• **Task statement**: The answer should hold only the lines from the one containing "2025 디자인 센스" through the one containing "PERİFERİK EKLEM TUTULUMUNDA" in the entries below, copied exactly, without pictures.

• **Material for the task**:

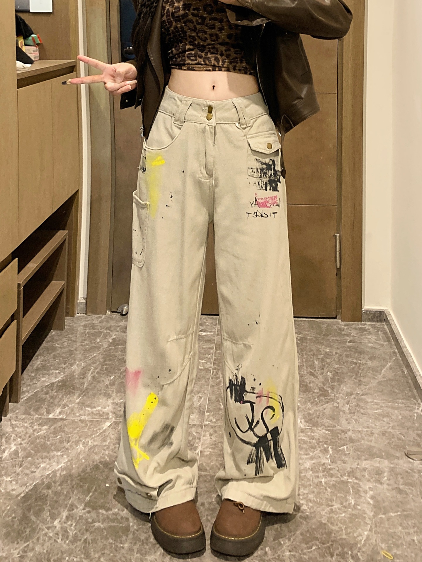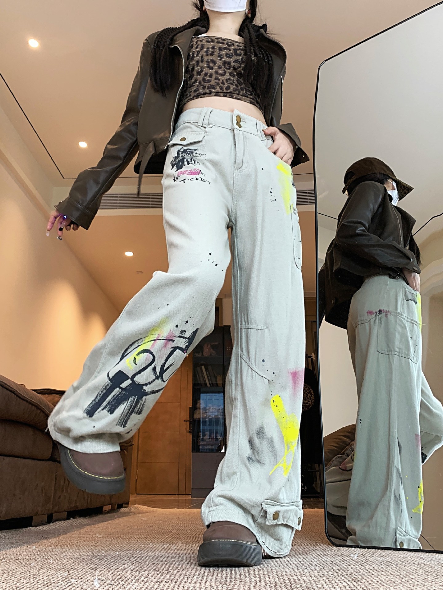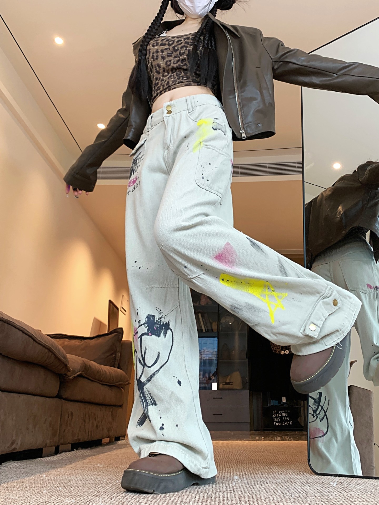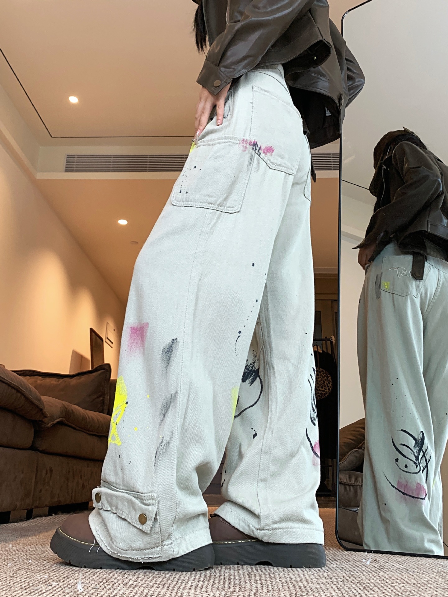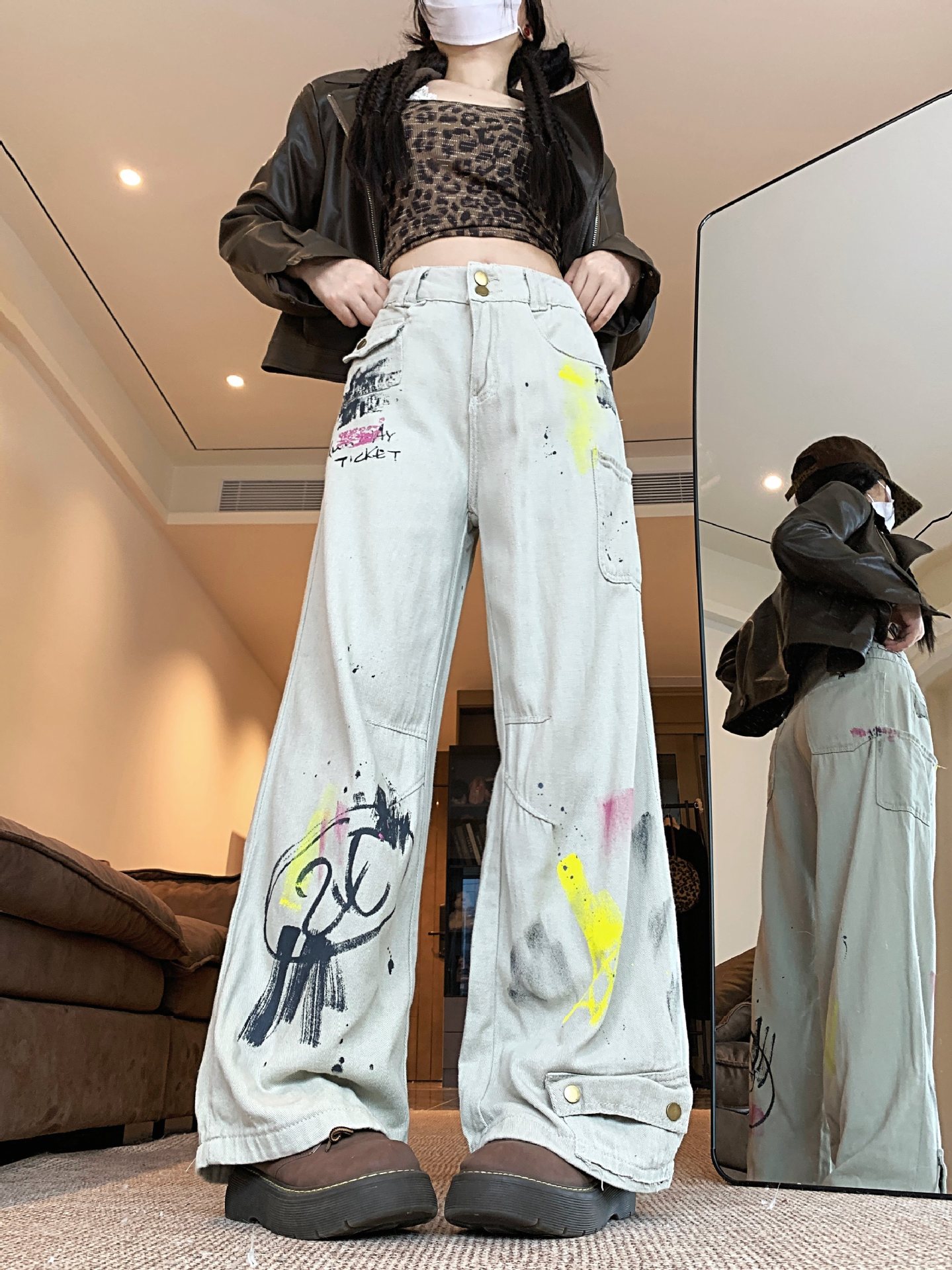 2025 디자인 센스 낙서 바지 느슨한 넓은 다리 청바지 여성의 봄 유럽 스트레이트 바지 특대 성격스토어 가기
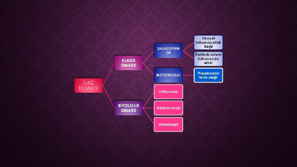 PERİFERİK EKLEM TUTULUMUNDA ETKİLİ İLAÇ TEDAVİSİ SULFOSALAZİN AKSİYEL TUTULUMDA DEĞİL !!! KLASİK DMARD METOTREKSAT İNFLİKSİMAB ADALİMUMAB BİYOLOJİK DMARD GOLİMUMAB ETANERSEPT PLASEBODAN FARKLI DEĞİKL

---

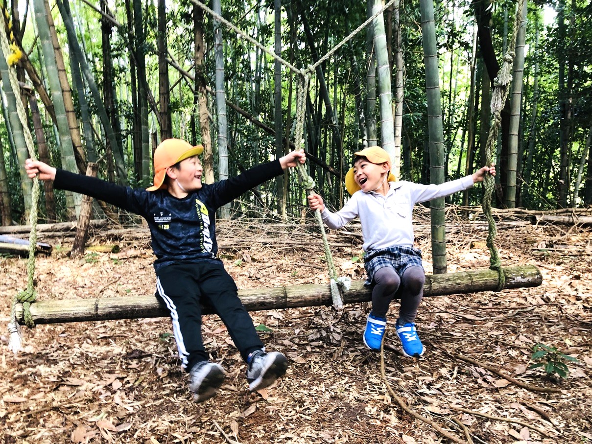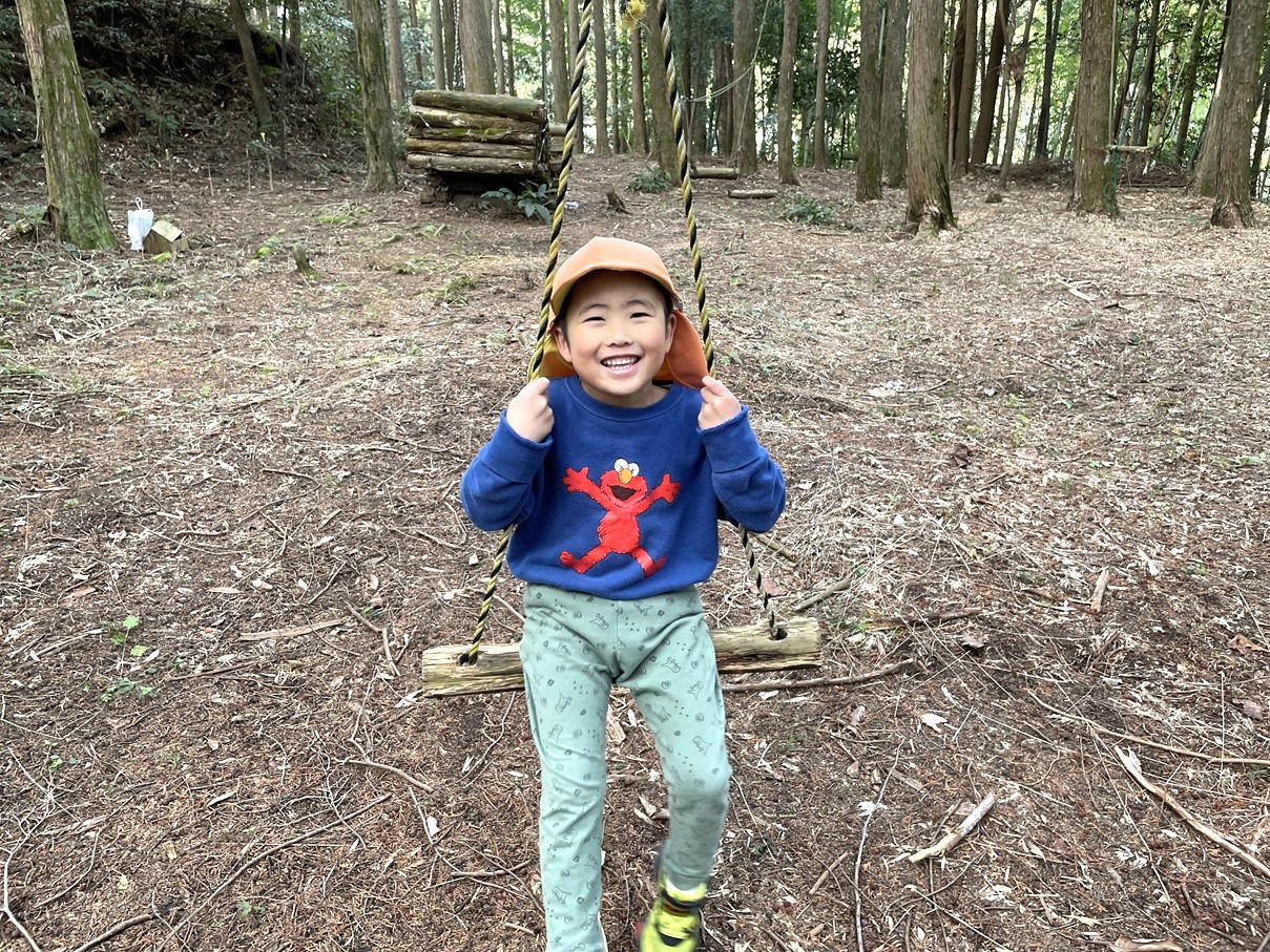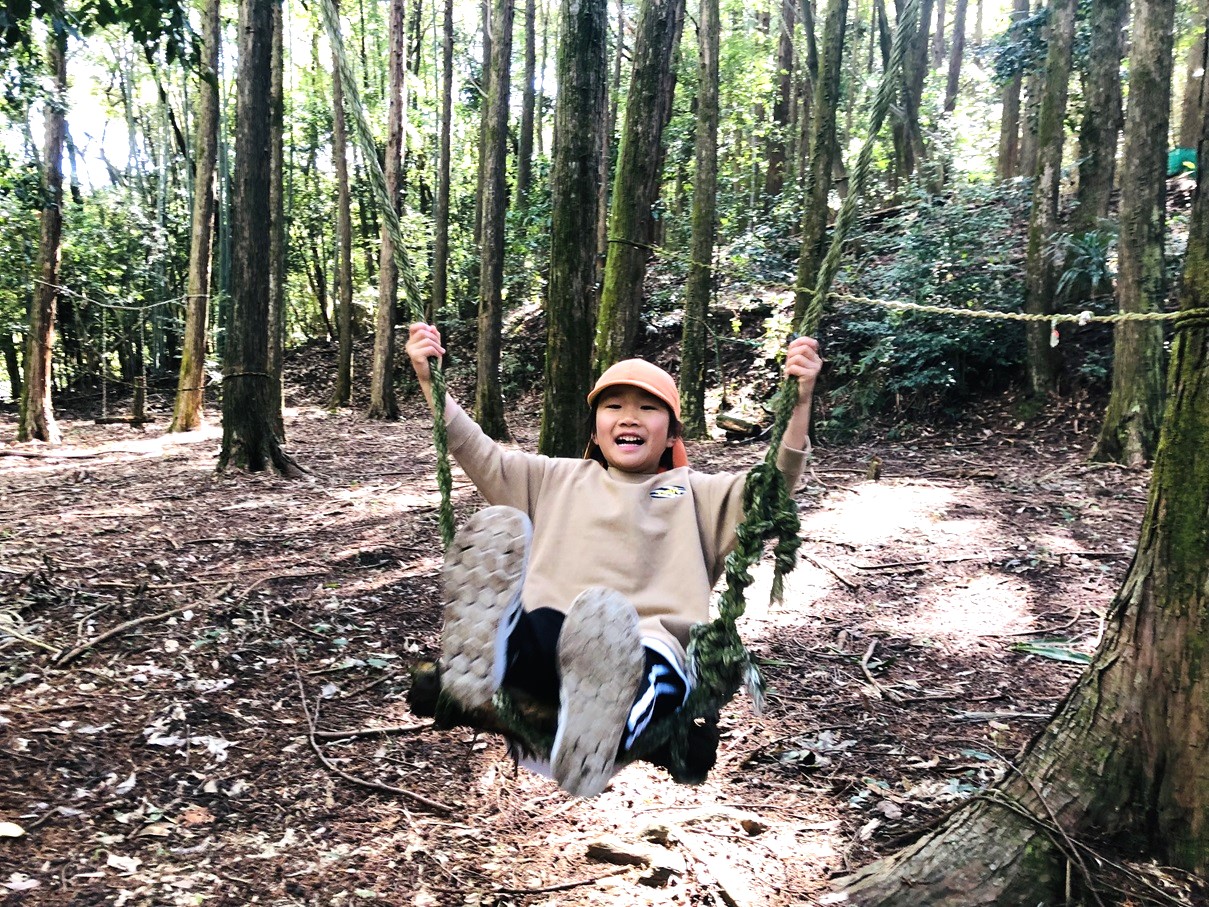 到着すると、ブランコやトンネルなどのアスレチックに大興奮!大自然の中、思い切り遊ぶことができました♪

• **Exercise solution**:
 2025 디자인 센스 낙서 바지 느슨한 넓은 다리 청바지 여성의 봄 유럽 스트레이트 바지 특대 성격스토어 가기
 PERİFERİK EKLEM TUTULUMUNDA ETKİLİ İLAÇ TEDAVİSİ SULFOSALAZİN AKSİYEL TUTULUMDA DEĞİL !!! KLASİK DMARD METOTREKSAT İNFLİKSİMAB ADALİMUMAB BİYOLOJİK DMARD GOLİMUMAB ETANERSEPT PLASEBODAN FARKLI DEĞİKL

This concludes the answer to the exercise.